**DATA FOR THIS EXERCISE:**
----

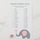 Laat de gasten elk dier vergelijken met hoeveel dagen hun zwangerschap duurt met ons roze en grijze olifantenspel, het dierentuin met de naam gestation game. De gebaren variëren van 12 dagen tot 645 dagen. ANTWOORDELIJKHEID: 1)F 2)J 3)E 4)O 5)M 6)L 7)K 8)D 9)I 10)B 11)A 12)G 13)C 14)H 15)N
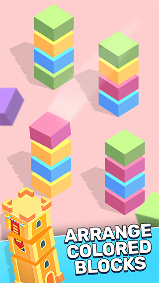 将相同颜色的方块相互堆叠,建造巨大的塔
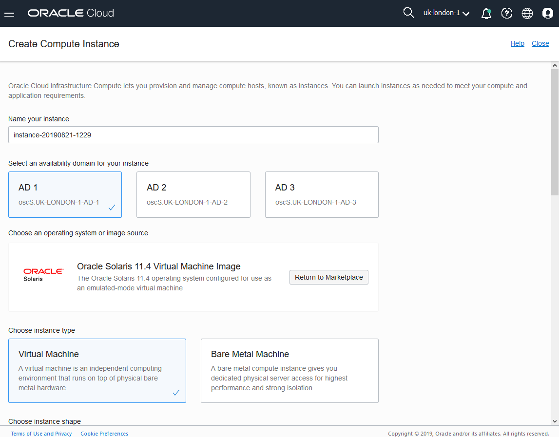 I’ve not shown the remainder of the create instance page here, but you’ll need to select the shape, provide an ssh key, and select the virtual network to which the instance will be connected. Once the instance is launched, you’ll be able to ssh in as the opc user within a couple of minutes. That’s all it takes to get started with Oracle Solaris in OCI! You’ll likely also want to review my prior blogs on using Solaris in OCI to make best use of the cloud:
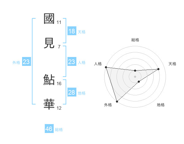 國見 鮎華さんの人格は23画の5点!
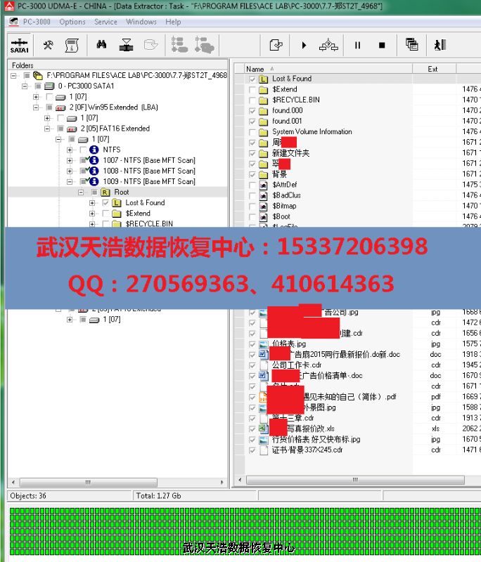 解决方案:收到硬盘后,接到数据恢复工具PC-3000 UDMA Express上,通电检测发现固件损坏,修复固件后再通电硬盘认盘,进DE分头镜像,最后成功恢复客户公司的绝大部分数据!
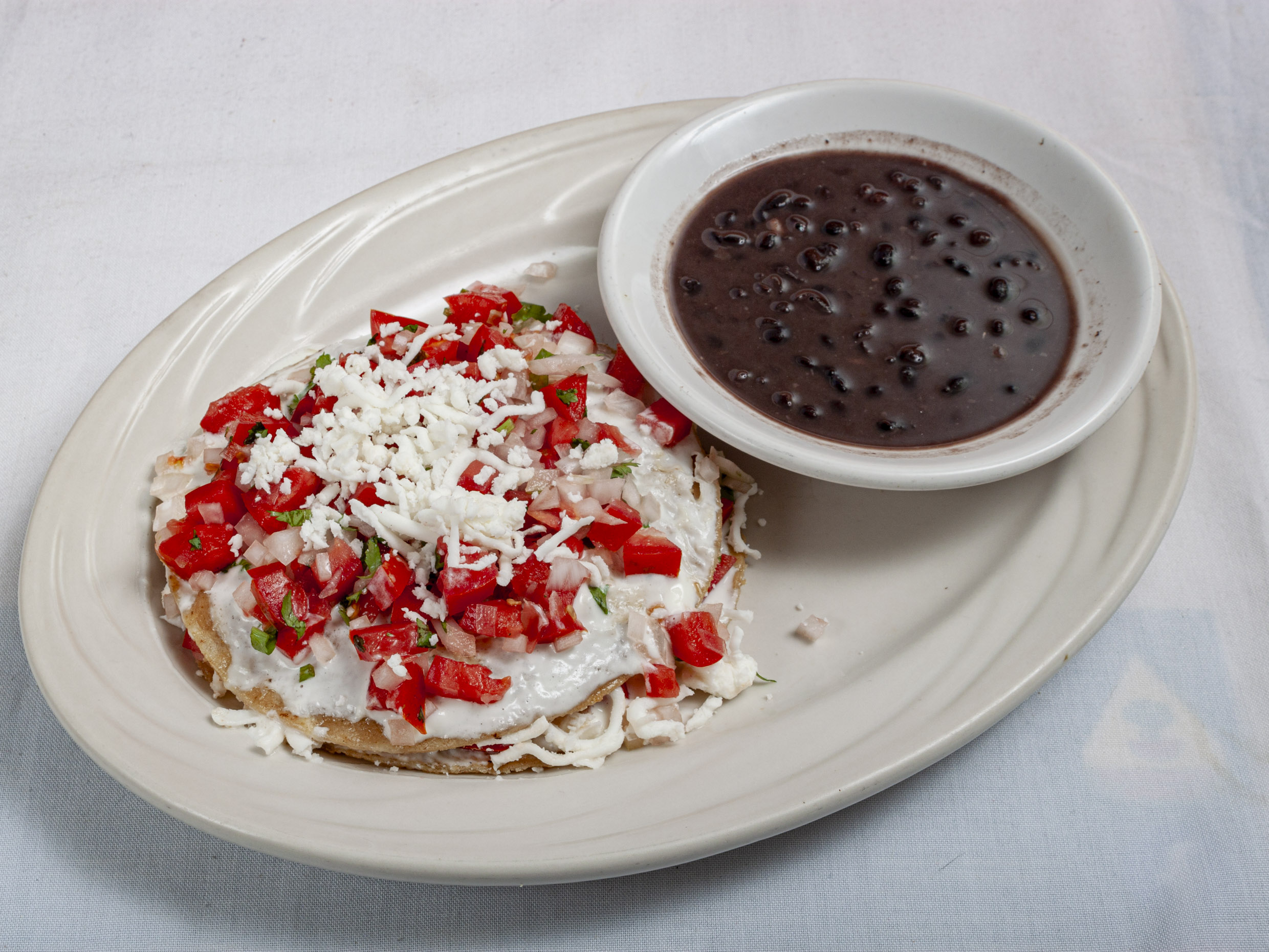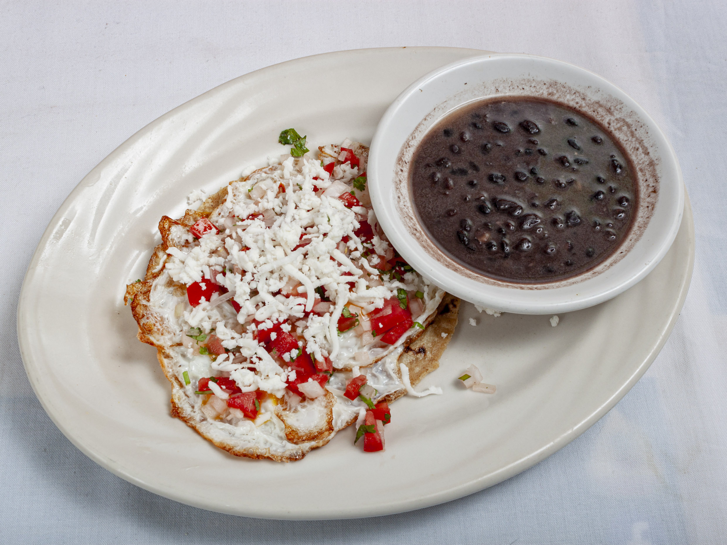 2 Huevos estrellados sobre una tortilla de maíz, bañados por salsa mexicana acompañados con frijoles de la olla.Tu desayuno incluye Cafe Americano ( 10oz ) o Te del Dia, Tambien Una ensalada de Frutas o Vaso con Jugo de Naranja natural ( 10 oz. ).

----

Return all material verbatim, pictures omitted.

**ANSWER TO THE PROBLEM:**
 Laat de gasten elk dier vergelijken met hoeveel dagen hun zwangerschap duurt met ons roze en grijze olifantenspel, het dierentuin met de naam gestation game. De gebaren variëren van 12 dagen tot 645 dagen. ANTWOORDELIJKHEID: 1)F 2)J 3)E 4)O 5)M 6)L 7)K 8)D 9)I 10)B 11)A 12)G 13)C 14)H 15)N
 将相同颜色的方块相互堆叠,建造巨大的塔
 I’ve not shown the remainder of the create instance page here, but you’ll need to select the shape, provide an ssh key, and select the virtual network to which the instance will be connected. Once the instance is launched, you’ll be able to ssh in as the opc user within a couple of minutes. That’s all it takes to get started with Oracle Solaris in OCI! You’ll likely also want to review my prior blogs on using Solaris in OCI to make best use of the cloud:
 國見 鮎華さんの人格は23画の5点!
 解决方案:收到硬盘后,接到数据恢复工具PC-3000 UDMA Express上,通电检测发现固件损坏,修复固件后再通电硬盘认盘,进DE分头镜像,最后成功恢复客户公司的绝大部分数据!
 2 Huevos estrellados sobre una tortilla de maíz, bañados por salsa mexicana acompañados con frijoles de la olla.Tu desayuno incluye Cafe Americano ( 10oz ) o Te del Dia, Tambien Una ensalada de Frutas o Vaso con Jugo de Naranja natural ( 10 oz. ).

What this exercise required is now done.